8. Use an icing bag to decorate the muffins and loafs with the cream cheese frosting.
9. To finish the pumpkin roll, let it cool and then remove it from the pan. Spread the cream cheese frosting on it and then roll it up. Chill it for about 2 hours in the fridge and then cut it into inch thick slices.
Transcripts
Petra Cox: Hi, I am Petra Cox from Mom s Apple Pie Company in Occoquan, Virginia and today I am showing you, how to process pumpkin or squash from scratch, so that you can make pumpkin pies, pumpkin breads and other pumpkin desserts.
So here I have this is an amber-cup pumpkin. It is actually a squash biologically but this makes a really excellent pumpkin pie and believe it or not so does a butternut squash. Anytime you might use a pumpkin in a dessert you could also use butternut squash and it gives it a really nice bright orange color and a nice sweet flavor as well. It s almost more pumpkiny than pumpkin. So to process your squash or your pumpkin, you are going to need a nice sharp knife and some pretty deep baking pan and a little water and we are going to cook it in a 400 degree oven.
So to process the butternut squash, first I am going to cut it right before the bowl starts at the bottom.

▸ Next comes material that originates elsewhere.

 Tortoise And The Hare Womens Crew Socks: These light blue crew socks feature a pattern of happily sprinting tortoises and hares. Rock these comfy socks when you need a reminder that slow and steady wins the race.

This way you have the really meaty part at the top and then the part at the bottom has a hollow area with the seeds, you can put the cut side down, so it is really nice and steady and then just cut straight down the middle. You can see that there are some seeds and some sort of pithy material on the inside there and that you do not need to take out just yet. You can take that out after it is already been cooked and you just put the cut side down on the bottom of an ungreased pan. Then for the top you do not have to take the little stem off yet, only if you want to. You cut straight down the middle and since this is not been cooked yet, of course it is really very hard to cut. So you got to use some force and sometimes you need to come at it from different angle but again you put the cut side down and as you can see with butternut squash, it is really nice to use because the top part is really full of meat and there is nothing that you have to hollow out. It s just a lot, you got about a cup of the pumpkin meat on each side.

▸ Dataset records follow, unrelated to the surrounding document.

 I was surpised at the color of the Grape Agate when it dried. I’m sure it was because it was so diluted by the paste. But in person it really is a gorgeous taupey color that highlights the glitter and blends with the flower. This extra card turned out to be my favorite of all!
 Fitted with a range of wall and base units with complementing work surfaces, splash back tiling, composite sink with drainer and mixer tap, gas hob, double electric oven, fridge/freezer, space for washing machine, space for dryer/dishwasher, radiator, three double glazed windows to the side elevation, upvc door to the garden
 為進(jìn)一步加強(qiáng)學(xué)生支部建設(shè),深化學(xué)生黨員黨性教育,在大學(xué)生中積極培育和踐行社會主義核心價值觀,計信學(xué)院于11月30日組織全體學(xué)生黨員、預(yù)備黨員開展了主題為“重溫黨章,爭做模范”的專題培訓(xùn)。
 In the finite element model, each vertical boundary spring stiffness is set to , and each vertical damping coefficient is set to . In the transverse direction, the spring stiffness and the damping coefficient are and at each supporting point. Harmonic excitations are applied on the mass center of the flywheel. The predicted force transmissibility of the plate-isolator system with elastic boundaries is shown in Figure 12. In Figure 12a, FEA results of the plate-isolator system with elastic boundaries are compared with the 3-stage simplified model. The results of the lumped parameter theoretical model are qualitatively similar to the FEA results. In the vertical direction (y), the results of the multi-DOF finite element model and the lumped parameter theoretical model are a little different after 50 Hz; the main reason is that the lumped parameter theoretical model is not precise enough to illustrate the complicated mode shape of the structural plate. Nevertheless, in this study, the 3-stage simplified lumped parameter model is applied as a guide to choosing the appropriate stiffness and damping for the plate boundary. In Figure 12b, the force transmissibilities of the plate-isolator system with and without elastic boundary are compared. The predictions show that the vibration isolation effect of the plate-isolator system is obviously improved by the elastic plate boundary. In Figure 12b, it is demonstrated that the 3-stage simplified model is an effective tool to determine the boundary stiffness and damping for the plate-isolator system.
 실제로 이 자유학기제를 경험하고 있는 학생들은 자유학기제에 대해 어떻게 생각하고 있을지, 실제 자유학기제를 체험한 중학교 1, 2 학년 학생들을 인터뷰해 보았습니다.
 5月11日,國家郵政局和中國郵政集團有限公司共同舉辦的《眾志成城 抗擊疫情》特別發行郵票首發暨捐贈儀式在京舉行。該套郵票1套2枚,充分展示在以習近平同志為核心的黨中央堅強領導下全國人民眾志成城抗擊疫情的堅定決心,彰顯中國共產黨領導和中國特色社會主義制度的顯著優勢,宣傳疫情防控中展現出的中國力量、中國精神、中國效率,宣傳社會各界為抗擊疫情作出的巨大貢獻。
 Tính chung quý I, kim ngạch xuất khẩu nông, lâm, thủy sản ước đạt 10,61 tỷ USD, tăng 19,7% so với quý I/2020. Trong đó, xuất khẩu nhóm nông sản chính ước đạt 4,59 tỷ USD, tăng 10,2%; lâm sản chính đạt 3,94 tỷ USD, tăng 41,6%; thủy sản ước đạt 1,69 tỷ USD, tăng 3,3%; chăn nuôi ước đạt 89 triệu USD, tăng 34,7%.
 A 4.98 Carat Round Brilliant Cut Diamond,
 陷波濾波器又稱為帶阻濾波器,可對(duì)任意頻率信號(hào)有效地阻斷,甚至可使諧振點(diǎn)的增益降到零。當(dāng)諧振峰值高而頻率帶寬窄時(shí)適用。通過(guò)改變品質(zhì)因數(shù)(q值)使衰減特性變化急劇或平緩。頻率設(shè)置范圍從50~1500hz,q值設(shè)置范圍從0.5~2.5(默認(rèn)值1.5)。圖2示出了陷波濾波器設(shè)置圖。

I know it sounds funny to use a butternut squash in a pumpkin pie but it tastes really good. Here is our amber cup, it has that really bright beautiful color on the outside and you get this to really good wash down because they grow in the dirt. We grow these ourselves on our farm and we grow variety, because it s nice to use a variety of different kinds of flesh of pumpkins in a pie. So this one has sort of narrower side, it is going to take probably about half a pumpkin to make a pumpkin pie.

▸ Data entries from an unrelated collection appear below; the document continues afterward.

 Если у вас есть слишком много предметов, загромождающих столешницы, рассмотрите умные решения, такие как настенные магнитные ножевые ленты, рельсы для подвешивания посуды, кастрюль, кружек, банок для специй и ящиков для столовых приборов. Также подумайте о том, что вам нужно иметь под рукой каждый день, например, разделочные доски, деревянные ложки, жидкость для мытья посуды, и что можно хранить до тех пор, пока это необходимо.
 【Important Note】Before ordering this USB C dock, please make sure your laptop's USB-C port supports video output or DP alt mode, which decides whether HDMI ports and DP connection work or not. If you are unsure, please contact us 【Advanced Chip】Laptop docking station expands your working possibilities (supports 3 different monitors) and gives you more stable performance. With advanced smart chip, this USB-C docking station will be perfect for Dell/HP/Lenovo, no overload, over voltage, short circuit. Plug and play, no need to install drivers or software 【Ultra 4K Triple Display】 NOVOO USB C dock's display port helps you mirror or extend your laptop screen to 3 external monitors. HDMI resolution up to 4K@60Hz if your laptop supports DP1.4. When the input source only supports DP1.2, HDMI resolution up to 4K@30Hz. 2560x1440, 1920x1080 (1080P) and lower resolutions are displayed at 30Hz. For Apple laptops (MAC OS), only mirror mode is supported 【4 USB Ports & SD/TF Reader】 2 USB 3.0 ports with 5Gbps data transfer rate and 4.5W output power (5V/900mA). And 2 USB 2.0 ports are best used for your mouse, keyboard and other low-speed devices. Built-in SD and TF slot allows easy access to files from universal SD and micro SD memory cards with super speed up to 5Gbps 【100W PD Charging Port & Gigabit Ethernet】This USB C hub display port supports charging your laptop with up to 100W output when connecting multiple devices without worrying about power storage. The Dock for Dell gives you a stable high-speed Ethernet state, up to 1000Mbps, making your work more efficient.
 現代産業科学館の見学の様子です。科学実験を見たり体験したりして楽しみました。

So I cut that in half and lay the cut side down and cut it again and lay it down in another pan, cut side down and this has the more seeds and other sort of foamy materials on the inside that we will scoop out when it s already been cooked. And at this point before putting in the oven, you want to add some water and it s probably about an inch of water on the bottom there. This is so that the pumpkin does not dry out and burn but you do not need to completely submerge the pumpkin and the water will steam up and evaporate in the oven and the level will go down but I must say, really hits the bottom of the pan you do not need to add more after you cook it.
So at this point it takes probably about 45 minutes in 375 degrees to 400 degrees oven to cook the pumpkin until it is nice and soft. The edges on the skin sometimes will get a little burnt looking but it is okay because that is just the skin and about midway, probably about after 20 minutes when you are using this pumpkin wedges, you can flip it over, so that the other side is exposed to the water and the side that was on the bottom of the pan is more exposed to the hot air in the oven.
So we are just going to fill this in the oven and it will be done in about 45 minutes and the next step after they have been baked, will be to drain the water and let it cool off before you throw the pumpkin meat in the food processor. That is step one of processing a pumpkin from scratch for nice pumpkin treat.